PROBLEM TO SOLVE » Write out exactly the lines below starting at the one containing "2 大機能を兼ね備えています。 無駄な隙間を有効活用して収納スペースを効率的に増やし、車内をスッキリ整理することが可能です。" and ending at the one containing "Title: Farmers waiting". Omit every picture.

STORED DATA »
╭──

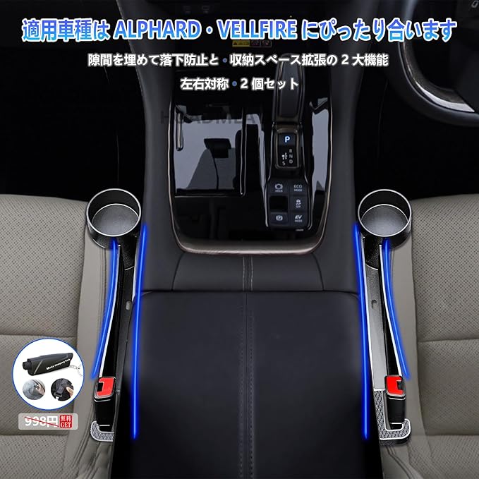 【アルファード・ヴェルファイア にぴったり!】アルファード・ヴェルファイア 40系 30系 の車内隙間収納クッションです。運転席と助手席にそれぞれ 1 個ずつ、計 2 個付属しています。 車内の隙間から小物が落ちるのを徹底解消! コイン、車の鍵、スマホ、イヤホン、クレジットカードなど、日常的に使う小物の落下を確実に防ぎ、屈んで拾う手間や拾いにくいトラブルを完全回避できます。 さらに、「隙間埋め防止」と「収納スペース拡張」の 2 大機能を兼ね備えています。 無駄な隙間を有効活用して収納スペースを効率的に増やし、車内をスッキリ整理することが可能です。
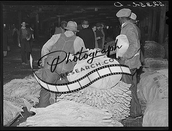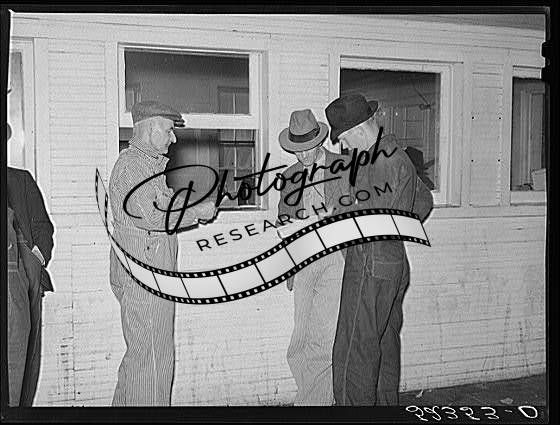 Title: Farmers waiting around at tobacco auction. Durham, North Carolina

╰──
╭──

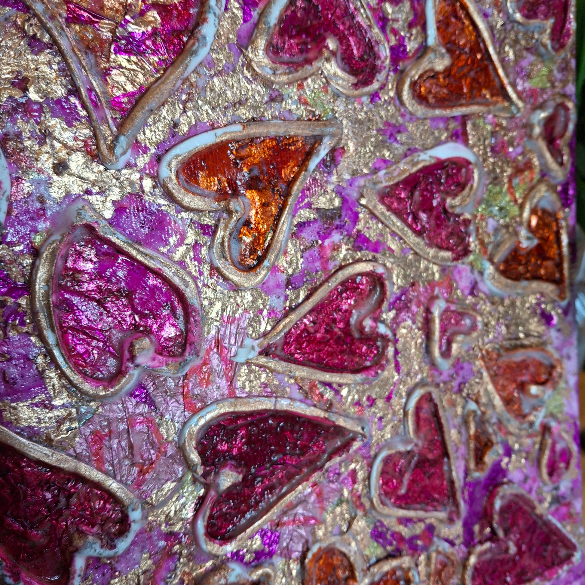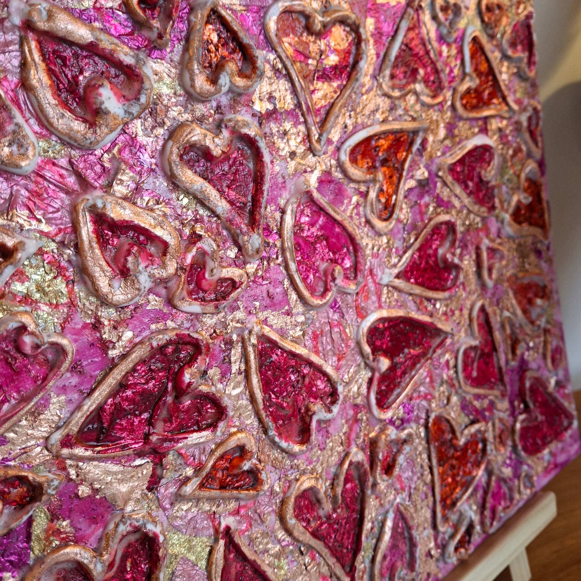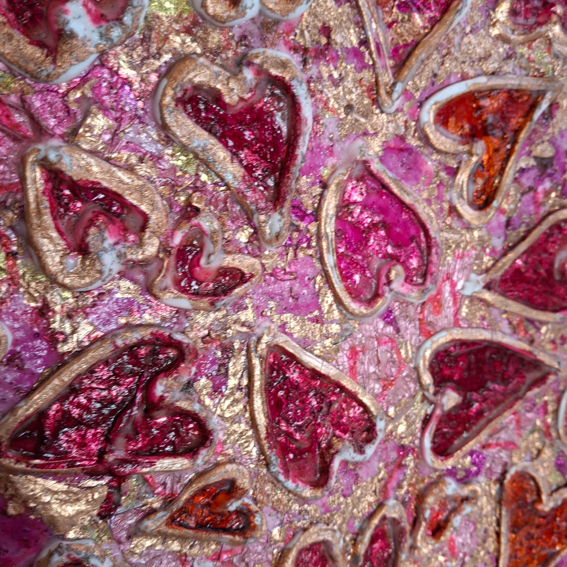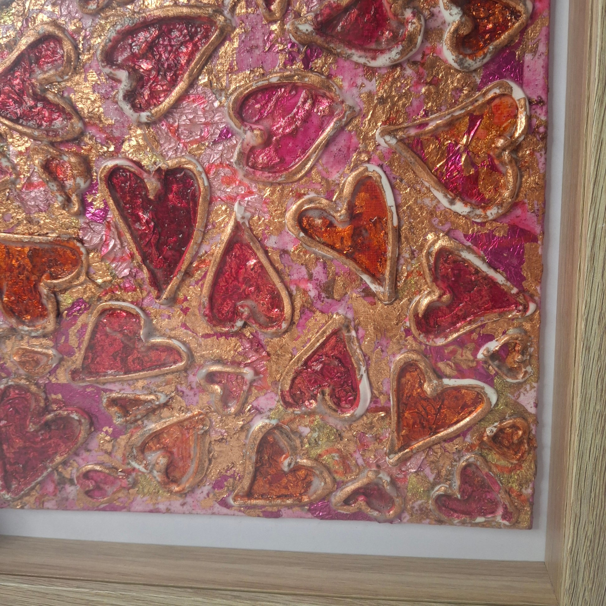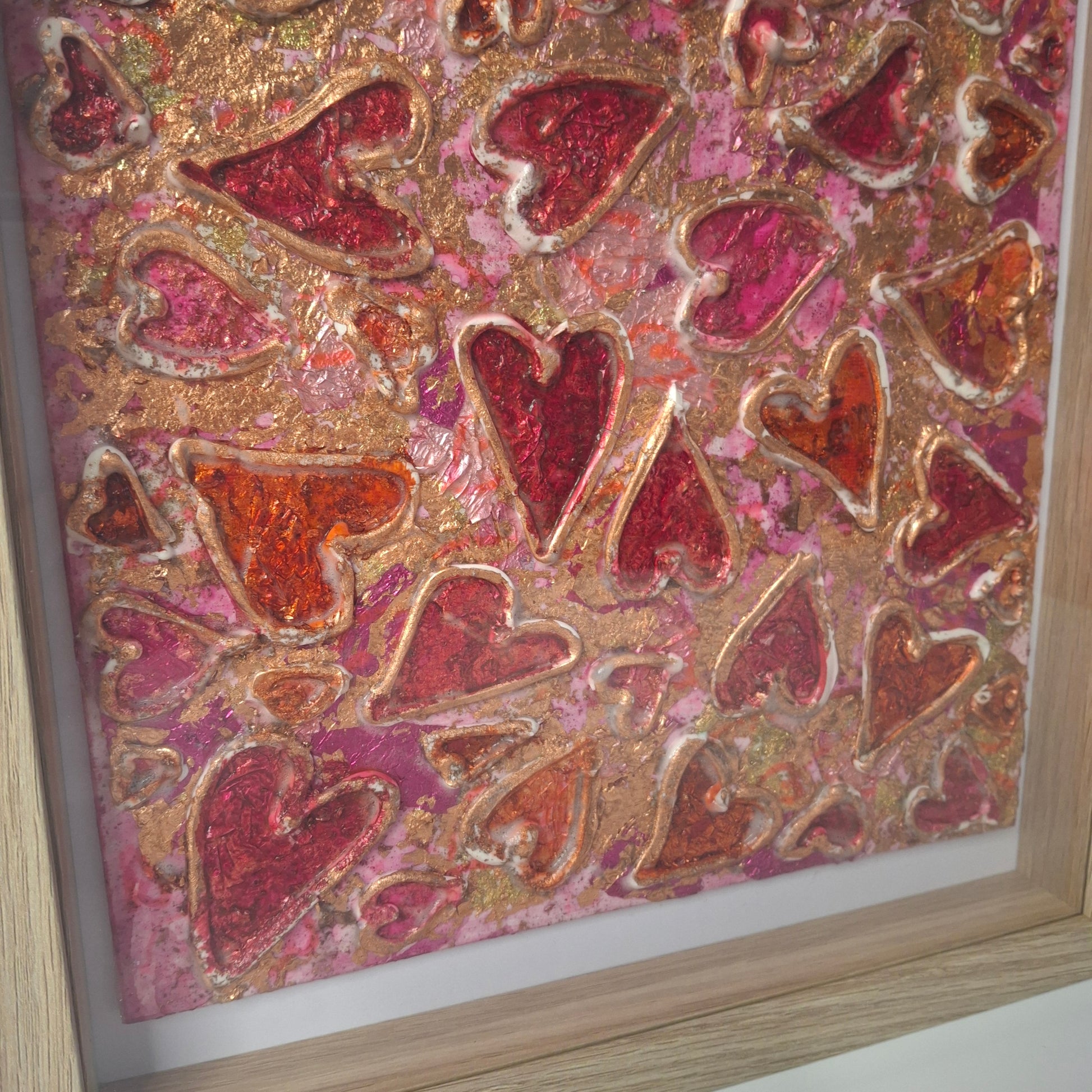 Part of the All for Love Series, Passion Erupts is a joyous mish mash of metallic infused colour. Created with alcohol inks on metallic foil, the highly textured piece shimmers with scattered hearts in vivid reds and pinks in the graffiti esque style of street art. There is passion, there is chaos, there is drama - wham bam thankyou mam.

╰──

WRITTEN SOLUTION »
 【アルファード・ヴェルファイア にぴったり!】アルファード・ヴェルファイア 40系 30系 の車内隙間収納クッションです。運転席と助手席にそれぞれ 1 個ずつ、計 2 個付属しています。 車内の隙間から小物が落ちるのを徹底解消! コイン、車の鍵、スマホ、イヤホン、クレジットカードなど、日常的に使う小物の落下を確実に防ぎ、屈んで拾う手間や拾いにくいトラブルを完全回避できます。 さらに、「隙間埋め防止」と「収納スペース拡張」の 2 大機能を兼ね備えています。 無駄な隙間を有効活用して収納スペースを効率的に増やし、車内をスッキリ整理することが可能です。
 Title: Farmers waiting around at tobacco auction. Durham, North Carolina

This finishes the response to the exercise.